Using the basic techniques we’ve developed for exploring the data, we can create a simple n-gram model. To predict the next word in a sequence, we would look at the previous few words and pick the word that most commonly appears after those words in the text data. We would not remove the stopwords in this context. We could use some kind of smoothing, like adding 1 to each count of word appearances. We could also use a backoff strategy. For example, when predicting the next word from a two word sequence, if that two word sequence is common, then use the most frequent third word. If the two word sequence is uncommon, then just predict based on the second word.
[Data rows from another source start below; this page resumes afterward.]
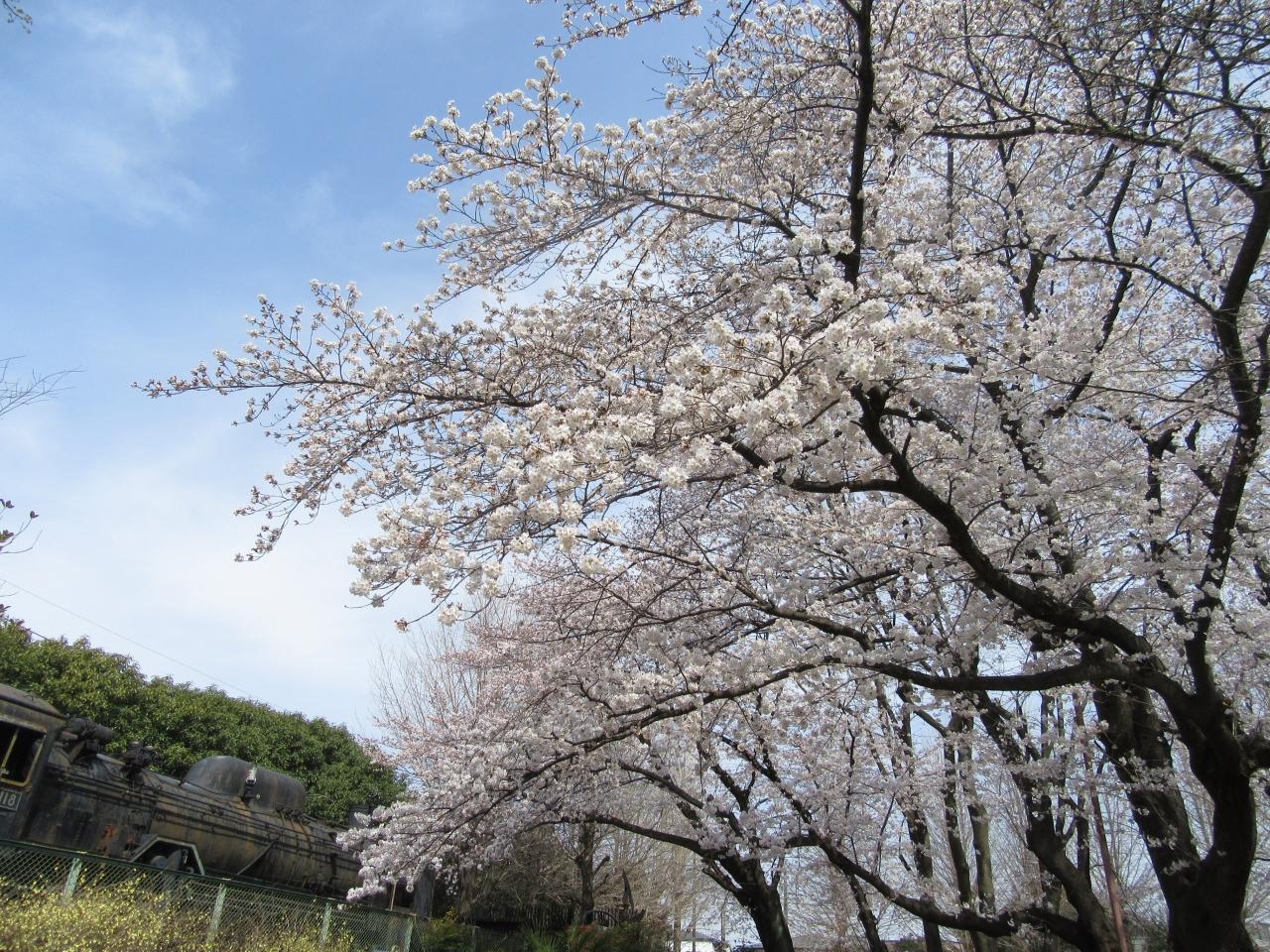 雨が降らない日が10日以上続き、気温も平年よりかなり高く推移したためか、車両基地に近い西側の桜もほぼ満開となりました。
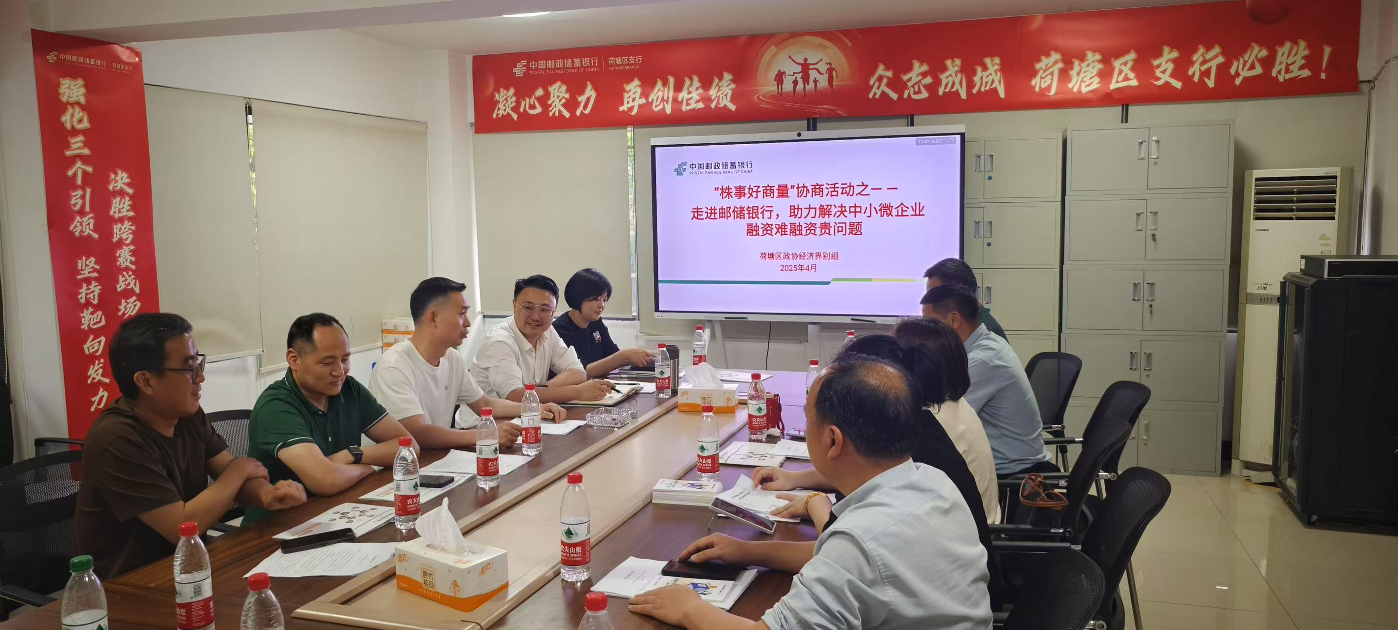 4月11日下午,荷塘区政协经济界别组走进邮储银行荷塘区支行,举行以“助力解决中小微企业融资难融资贵问题”为主题的“株事好商量”集中协商议事活动。通过实地调研、座谈交流等形式,搭建银企对接平台,凝聚发展合力。区政协副主席张茂、区政协经科外事委相关负责人、经济界别组委员等参加活动。
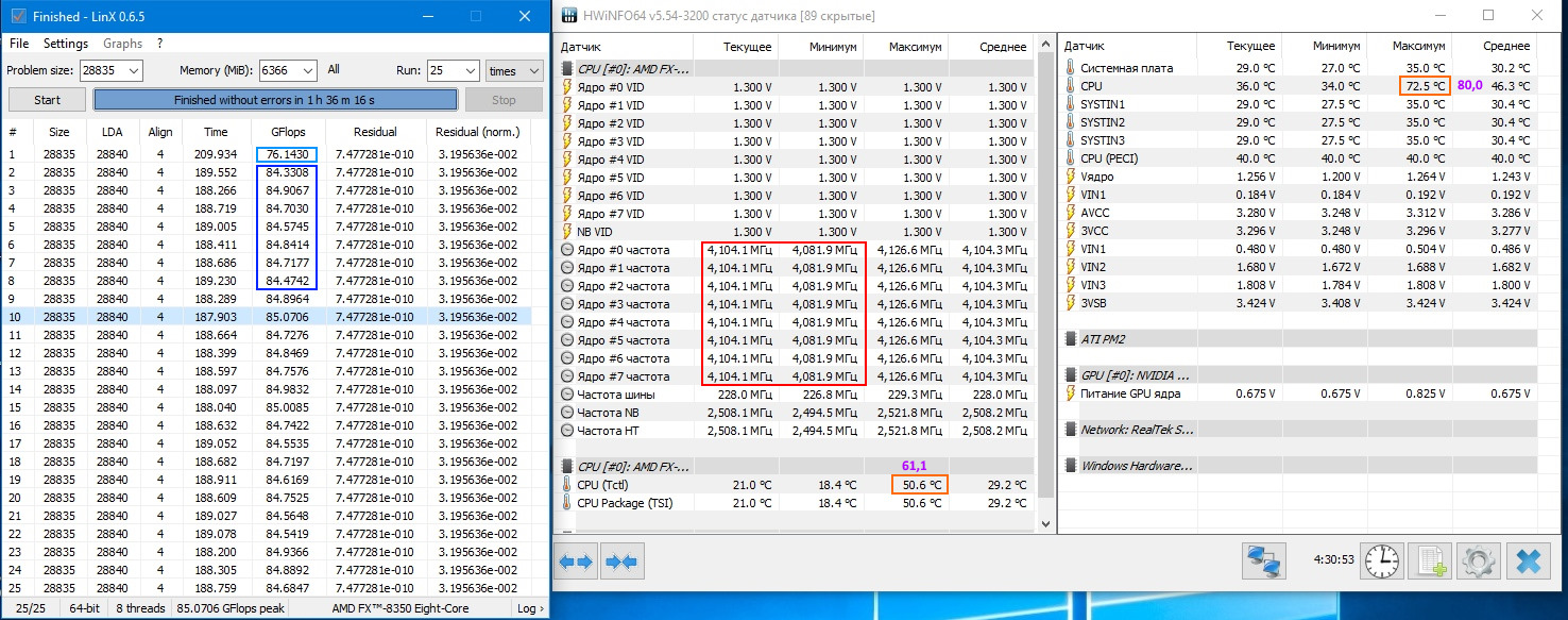 Причем тут Intel? Я все писал касательно именно AMD FX 8ххх. Linpack + GUI = LinX. LinPack не привязан к Intel. OpenBLAS быстрее даже чем Intel MKL на AMD. Я не зря указал аналог. Есть версия, конкретно для AMD. Linpack - программная библиотека, написанная на языке Фортран, которая содержит набор подпрограмм для решения систем линейных алгебраических уравнений. Разница с версией "для Intel" или "для AMD" только в наборе этих подпрограмм (Базовые - Lapack, BLAS, MKL и прочие, но могут быть и другие). Последним версиям LinX пофигу что тестировать - совместимы с обоими кланами цп.
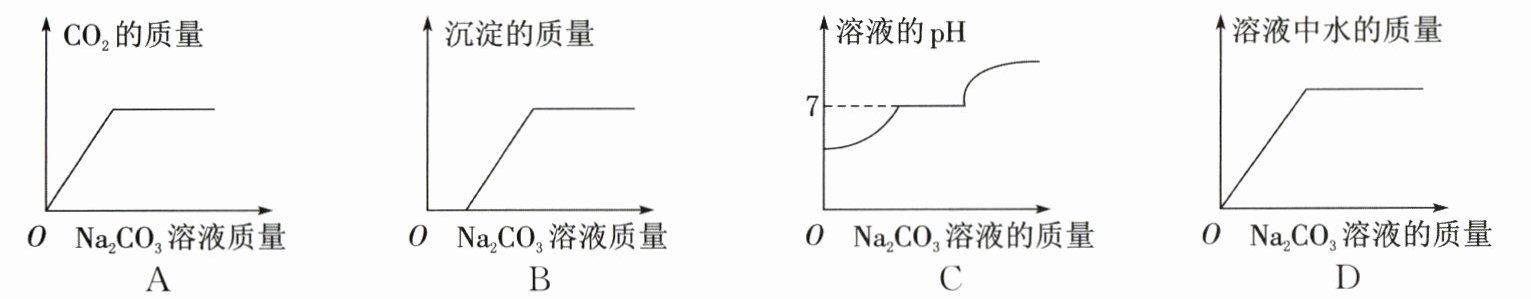 )答案:10.D 解析:向一定量盐酸和氯化钡的混合溶液中,逐滴滴加碳酸钠溶液至过量,碳酸钠先与盐酸反应生成氯化钠、水和二氧化碳,待盐酸完全反应后,氯化钡和碳酸钠反应生成碳酸钡沉淀和氯化钠,故生成二氧化碳的质量逐渐增大,待盐酸完全反应后,不再发生变化,A正确。碳酸钠先与盐酸反应生成氯化钠、水和二氧化碳,待盐酸完全反应后,氯化钡和碳酸钠反应生成碳酸钡沉淀和氯化钠,故一开始无沉淀生成,后生成沉淀的质量逐渐增大,待氯化钡完全反应后,不再发生变化,B正确。碳酸钠先与盐酸反应生成氯化钠、水和二氧化碳,盐酸被消耗,溶液的酸性减弱,pH逐渐增大,当盐酸恰好完全反应时,溶液的pH=7;待盐酸完全反应后,氯化钡和碳酸钠反应生成碳酸钡沉淀和氯化钠,该阶段溶液的pH始终等于7,待氯化钡完全反应后,继续滴加碳酸钠溶液,溶液显碱性,pH>7,C正确。碳酸钠先与盐酸反应生成氯化钠、水和二氧化碳,碳酸钠溶液中本身含有水,且反应生成了水,溶液中水的质量不断增加,待盐酸完全反应后,氯化钡和碳酸钠反应生成碳酸钡和氯化钠,该阶段水的质量继续增加,但是增加的质量只是碳酸钠溶液中水的质量,所以增加幅度变小,待氯化钡完全反应后,继续滴加碳酸钠溶液,溶液中水的质量增加,增加的质量还是碳酸钠溶液中水的质量,D错误。
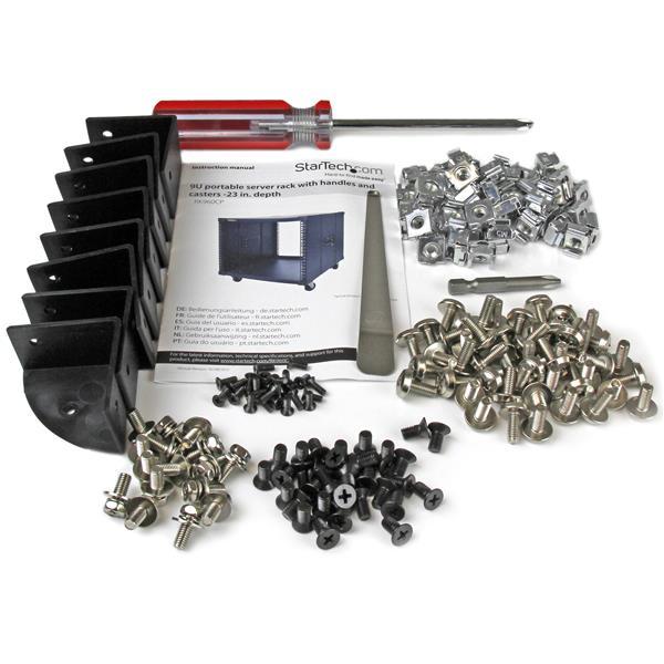 StarTech.com RK960CP. Modell/Type: Frittstående hylle, Rack-kapasitet: 9U, Maksimalvekt (kapasitet): 99,8 kg, Svinghjul. Vekt: 27,2 kg. Produktfarge: Sort

With n-gram models it can be tricky to achieve high predictive performance with reasonable computational constraints. For this reason, we may try the alternative approach of training a recurrent neural net to predict the next character in a sequence of characters. This would frontload the computational burden into the training time and hopefully deliver a more performant app once the model is trained. Another benefit of this approach is that predicting on the basis of characters allows us to complete partial words, just like a real predictive keyboard.